**Directions**
Produce an exact transcription of the data, with the images left out.

======== Information provided

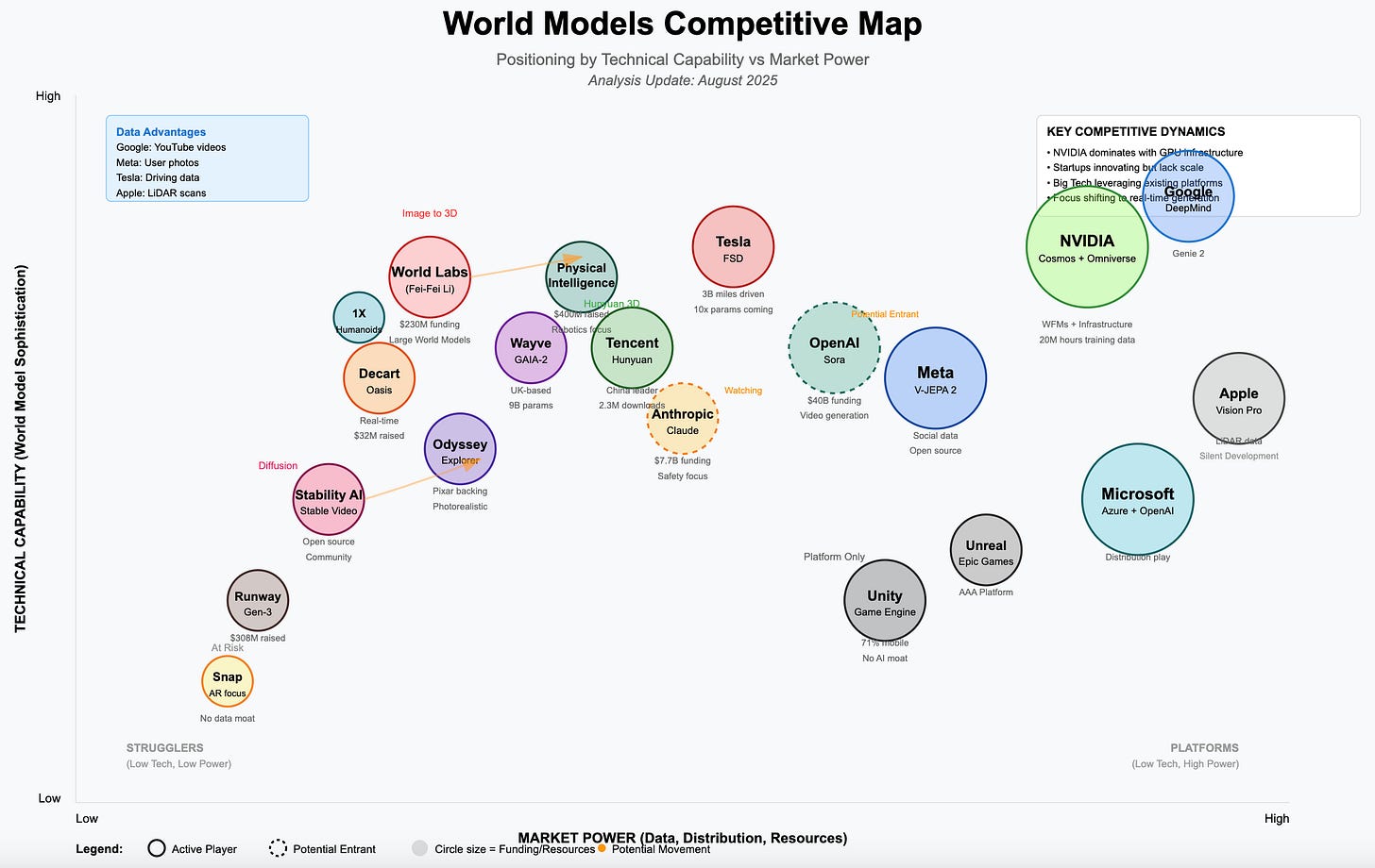 Our analysis reveals a market in rapid flux, where NVIDIA has emerged as the unexpected kingmaker, simultaneously providing the infrastructure everyone needs while building their own world models.
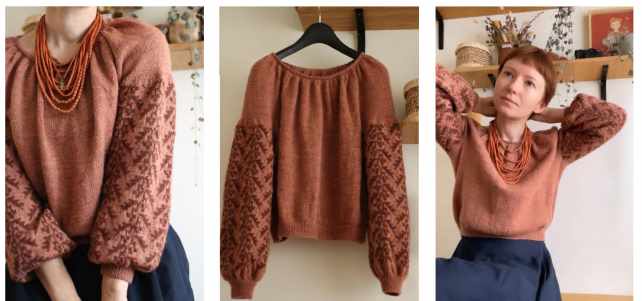 Пуловер Ornata задуман как модель свободного силуэта с широкими рукавами со сборками. Пуловер вяжется сверху вниз, круговыми рядами. Вы можете выбрать варианты оформления низа пуловера: либо связать резинку (в этом случае будет присборенный низ пуловера), либо связать подогнутую планку с зубчиками.
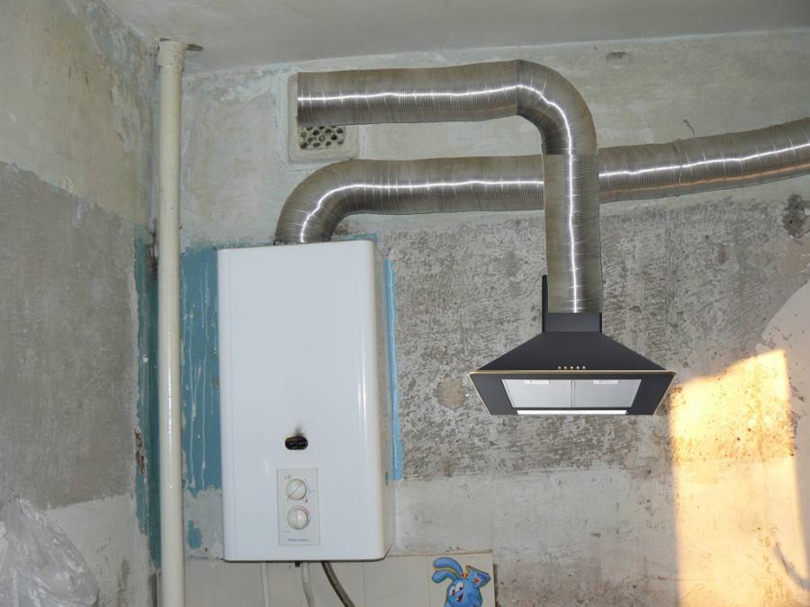 Le plus souvent, le conduit de la hotte de la cuisine est relié à un évent par lequel passe la ventilation naturelle (due au tirage). C'est faux, car dans ce cas, la majeure partie de la grille est fermée par un conduit d'air, et l'échange d'air à travers les trous disponibles restants sera clairement insuffisant.

================

**Answer space**
 Our analysis reveals a market in rapid flux, where NVIDIA has emerged as the unexpected kingmaker, simultaneously providing the infrastructure everyone needs while building their own world models.
 Пуловер Ornata задуман как модель свободного силуэта с широкими рукавами со сборками. Пуловер вяжется сверху вниз, круговыми рядами. Вы можете выбрать варианты оформления низа пуловера: либо связать резинку (в этом случае будет присборенный низ пуловера), либо связать подогнутую планку с зубчиками.
 Le plus souvent, le conduit de la hotte de la cuisine est relié à un évent par lequel passe la ventilation naturelle (due au tirage). C'est faux, car dans ce cas, la majeure partie de la grille est fermée par un conduit d'air, et l'échange d'air à travers les trous disponibles restants sera clairement insuffisant.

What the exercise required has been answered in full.